* [Data extracts]:
= Beginning of Section =
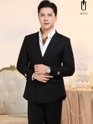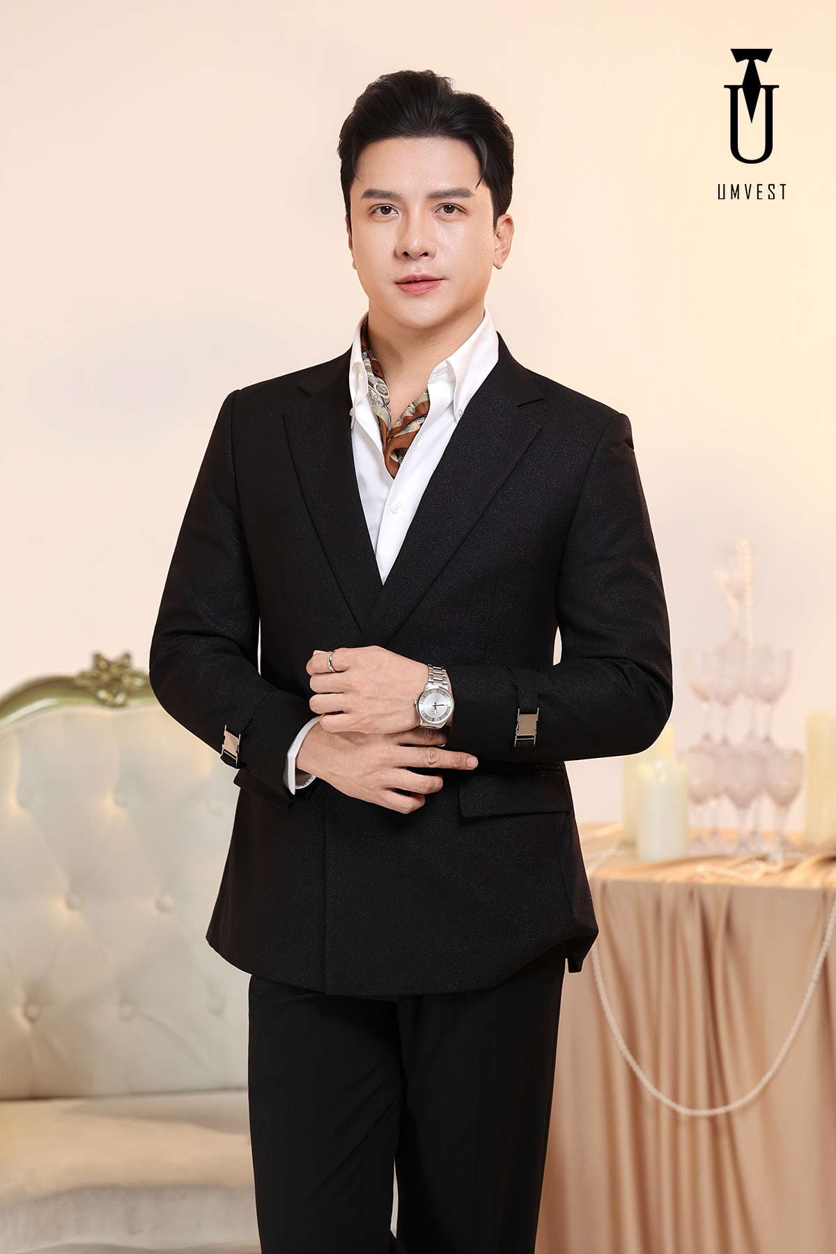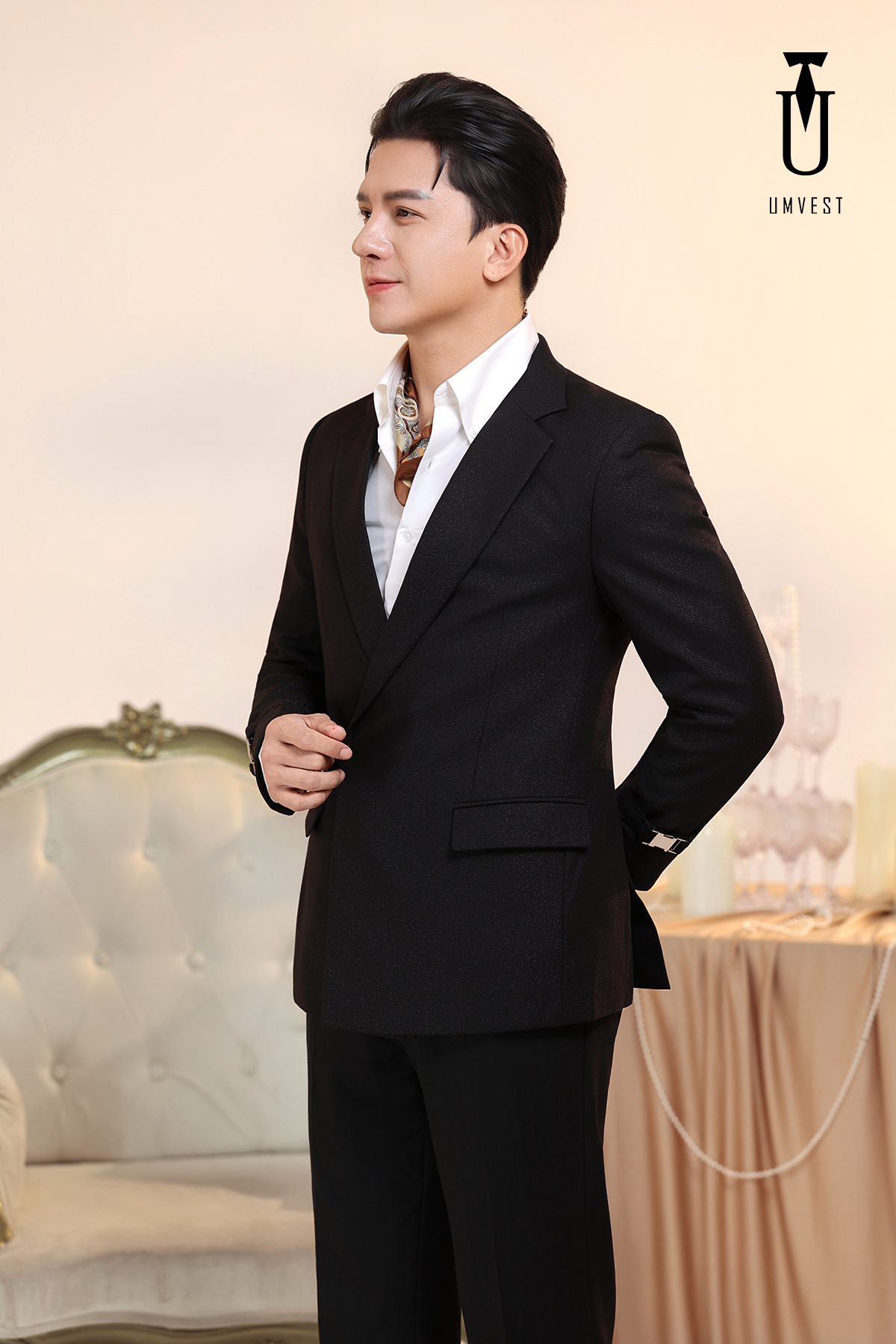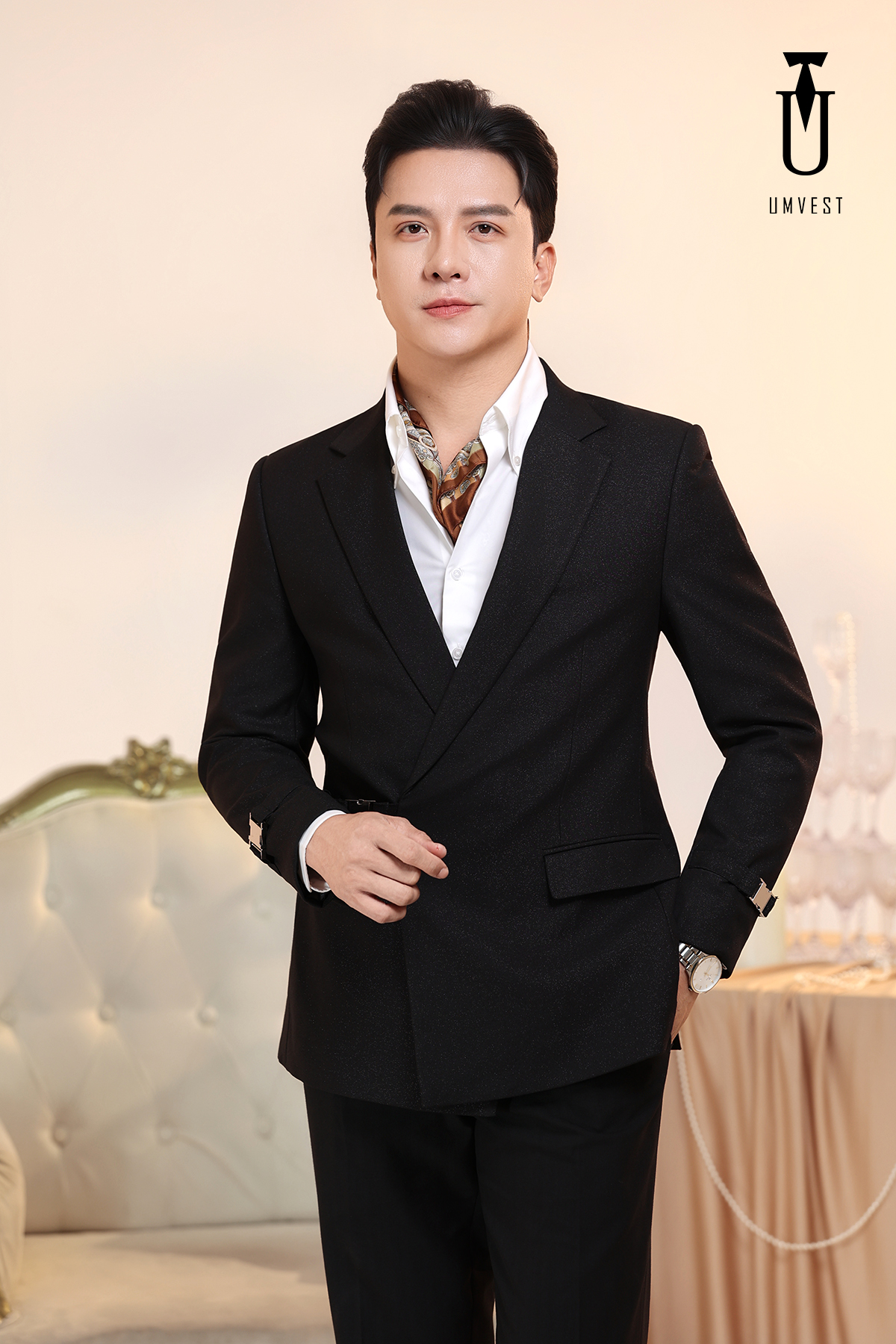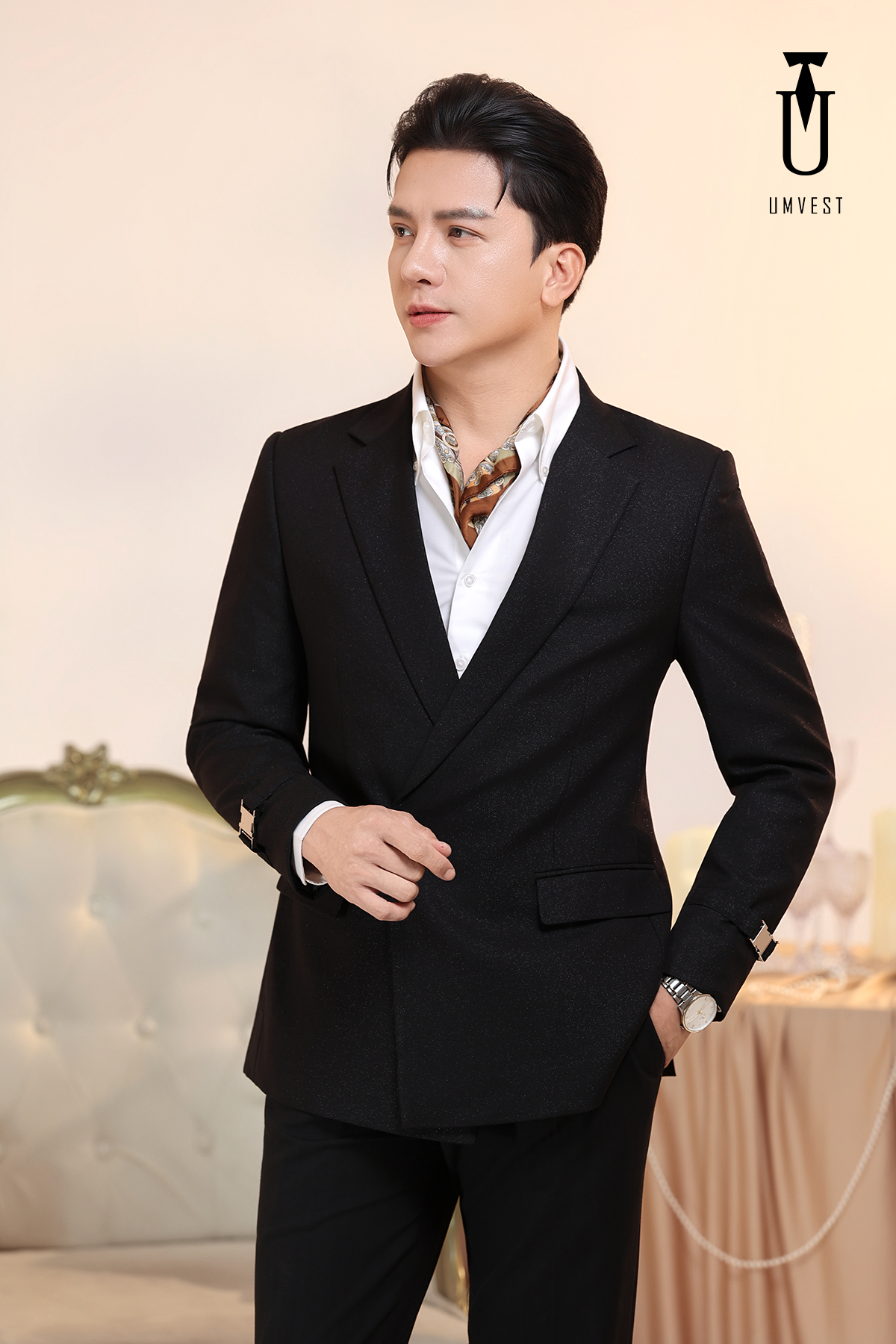 Vest Nam Đen Nhũ Khóa Khăn Cổ
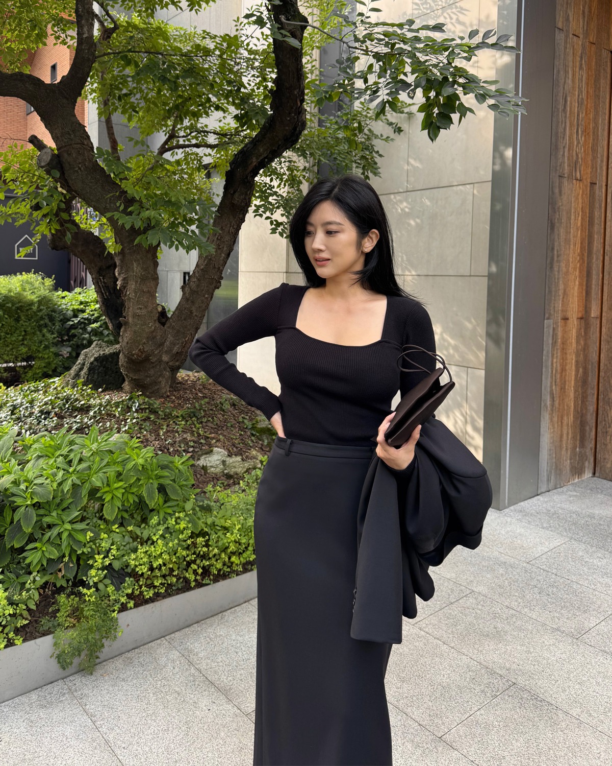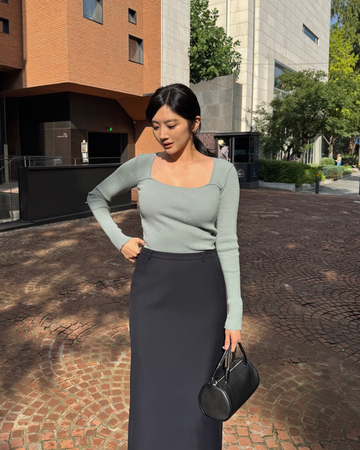 Ai yêu phong cách tối giản chắc chắn sẽ mê sự kết hợp này. Chân váy suông dáng dài, đặc biệt là các mẫu chất liệu dạ, len dệt hoặc lụa dày, khi đi cùng áo len mang lại cảm giác mềm mại nhưng cực kỳ sang. Đây là công thức hoàn hảo cho môi trường công sở hoặc những buổi café cuối tuần nhẹ nhàng.
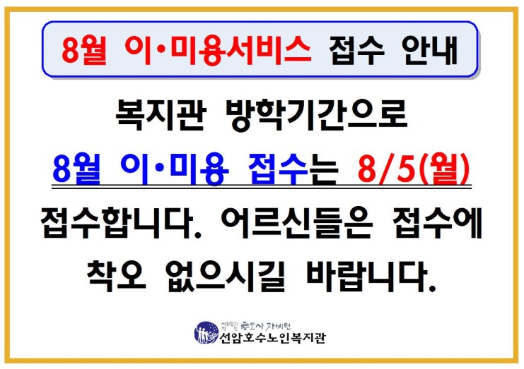 2019년 8월 이∙미용서비스 접수 안내 [2019-07-25]
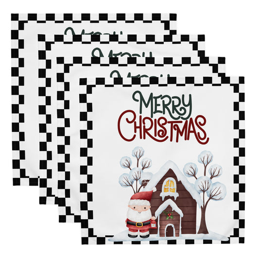 Personalized Checkered Christmas Cloth Napkins | Holiday Dinner Decor
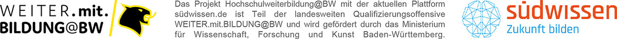 - Die wissenschaftliche Weiterbildung wird sichtbarer. Zentral ist die Plattform www.suedwissen.de auf der sämtliche Weiterbildungsangebote der Hochschulen zu finden und zu buchen sind.
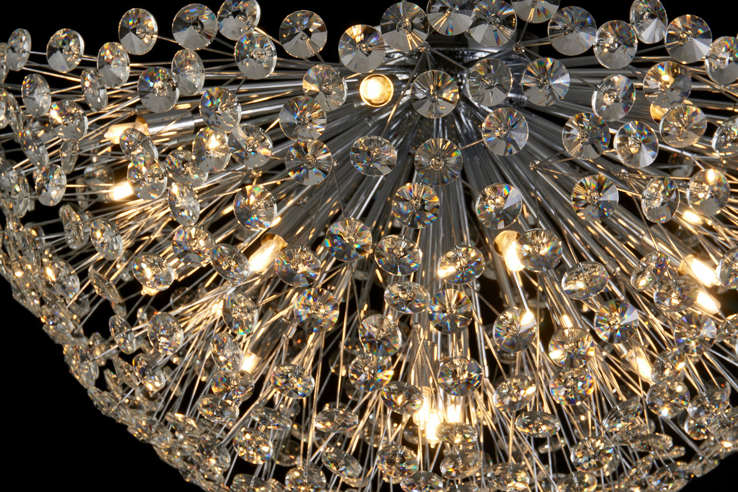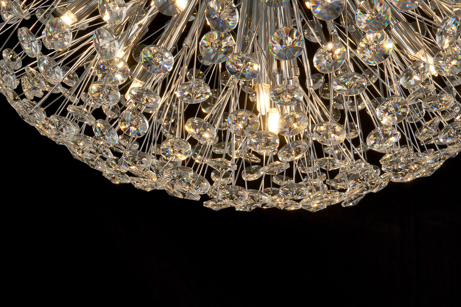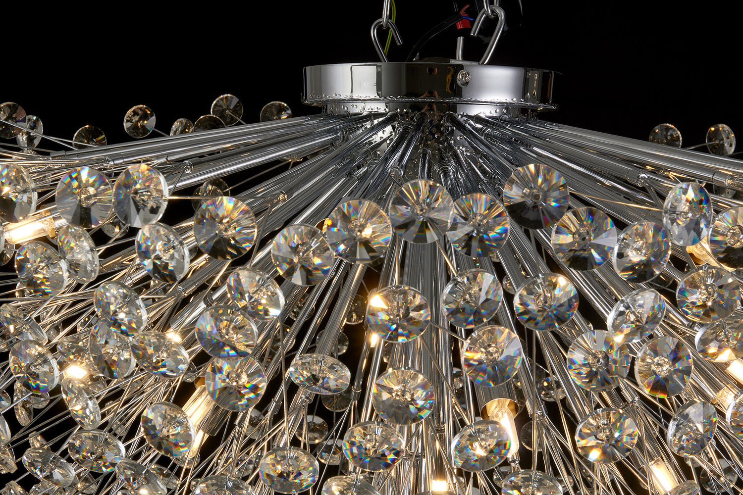 This beautiful comprehensive collection available in either a polished chrome or french gold colour finish, uses slim stems angled erratically to form an enchanting cluster of clear crystal disks. The lines of the central framework of round, tiered and oblong pendants, act as a base from which the crystals can sit around the G9 lampholders ensuring the light emitted from the chosen lamp refracts through each facette throwing sublime spectrums. An extensive range of products are available within the Bosona range, making it suitable for an array of applications.
= End of Section =
* [Task brief]:
Your task is to set down every entry exactly, leaving out any picture it contains.

* [Output below]:
 Vest Nam Đen Nhũ Khóa Khăn Cổ
 Ai yêu phong cách tối giản chắc chắn sẽ mê sự kết hợp này. Chân váy suông dáng dài, đặc biệt là các mẫu chất liệu dạ, len dệt hoặc lụa dày, khi đi cùng áo len mang lại cảm giác mềm mại nhưng cực kỳ sang. Đây là công thức hoàn hảo cho môi trường công sở hoặc những buổi café cuối tuần nhẹ nhàng.
 2019년 8월 이∙미용서비스 접수 안내 [2019-07-25]
 Personalized Checkered Christmas Cloth Napkins | Holiday Dinner Decor
 - Die wissenschaftliche Weiterbildung wird sichtbarer. Zentral ist die Plattform www.suedwissen.de auf der sämtliche Weiterbildungsangebote der Hochschulen zu finden und zu buchen sind.
 This beautiful comprehensive collection available in either a polished chrome or french gold colour finish, uses slim stems angled erratically to form an enchanting cluster of clear crystal disks. The lines of the central framework of round, tiered and oblong pendants, act as a base from which the crystals can sit around the G9 lampholders ensuring the light emitted from the chosen lamp refracts through each facette throwing sublime spectrums. An extensive range of products are available within the Bosona range, making it suitable for an array of applications.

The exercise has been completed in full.